▸ **RECORDS PROVIDED**

⟨

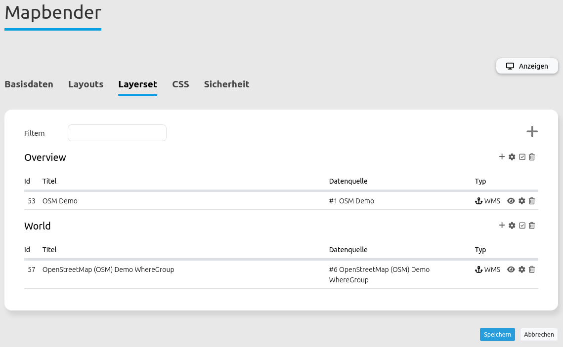 Über den Reiter Layerset können Layersets definiert und Datenquellen in eine Anwendung eingebunden werden.
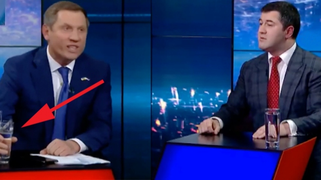 Ukrayna Milletvekili Sergey Sahov, canlı yayında Ukrayna başkan adayı ve aynı zamanda eski Devlet Mali Hizmeti Başkanı Roman Nasirov’un yüzüne su fırlattı.
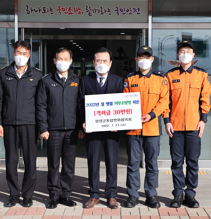 함양군 통합방위협의회 의장인 서춘수 함양군수는 21일 제8962부대 3대대와 함양소방서를 방문하여 2022년‘설’명절에도 지역 통합방위에 여념이 없는 국군 장병 및 의무소방대원들을 격려하고 위문금을 전달했다.
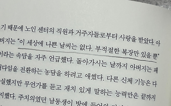 책 『당신의 가능성에 대하여』의 유명한 문장이 이를 잘 설명한다. “이 세상에 나쁜 날씨는 없다. 부적절한 복장만 있을 뿐.” 상황을 탓하지 않고, 그 상황에 맞게 마음의 ‘복장’을 바꾸는 사람은 어떤 인생도 다시 편안하게 만든다.
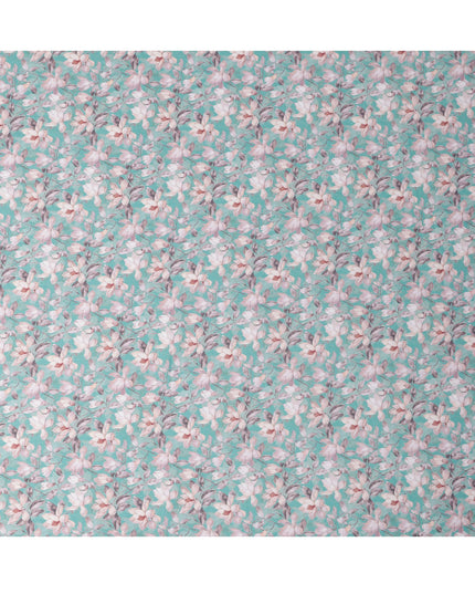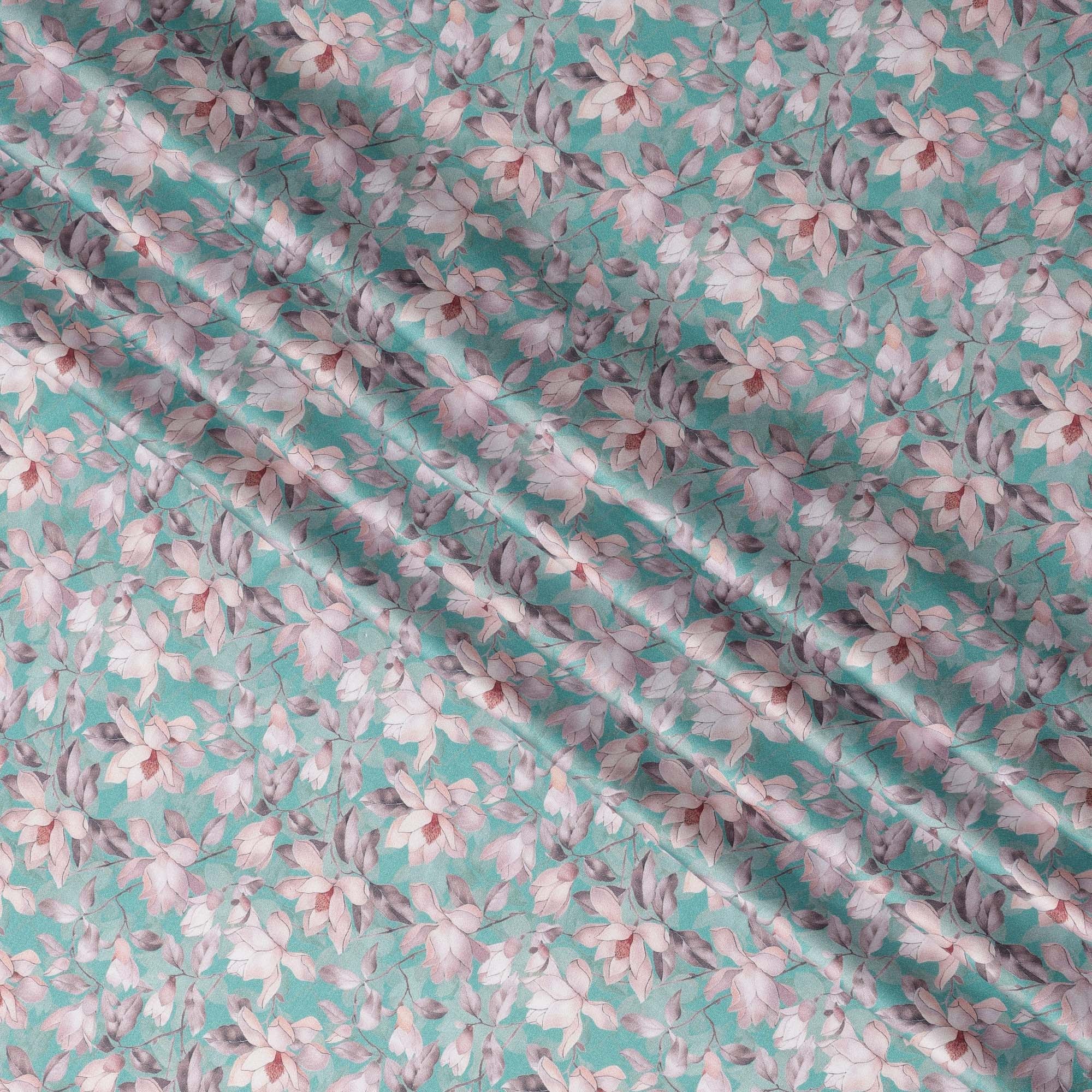 Aqua Blue Cotton Satin Fabric with White & Pink Floral Print – 110 cm, Imported from India-D22301

⟩

▸ **PROBLEM DETAILS**
Starting at the first line of the listing above, write out each line exactly and nothing else until you reach the line containing "Ukrayna Milletvekili Sergey", which is included as well; omit all pictures.

▸ **EXERCISE OUTPUT**
 Über den Reiter Layerset können Layersets definiert und Datenquellen in eine Anwendung eingebunden werden.
 Ukrayna Milletvekili Sergey Sahov, canlı yayında Ukrayna başkan adayı ve aynı zamanda eski Devlet Mali Hizmeti Başkanı Roman Nasirov’un yüzüne su fırlattı.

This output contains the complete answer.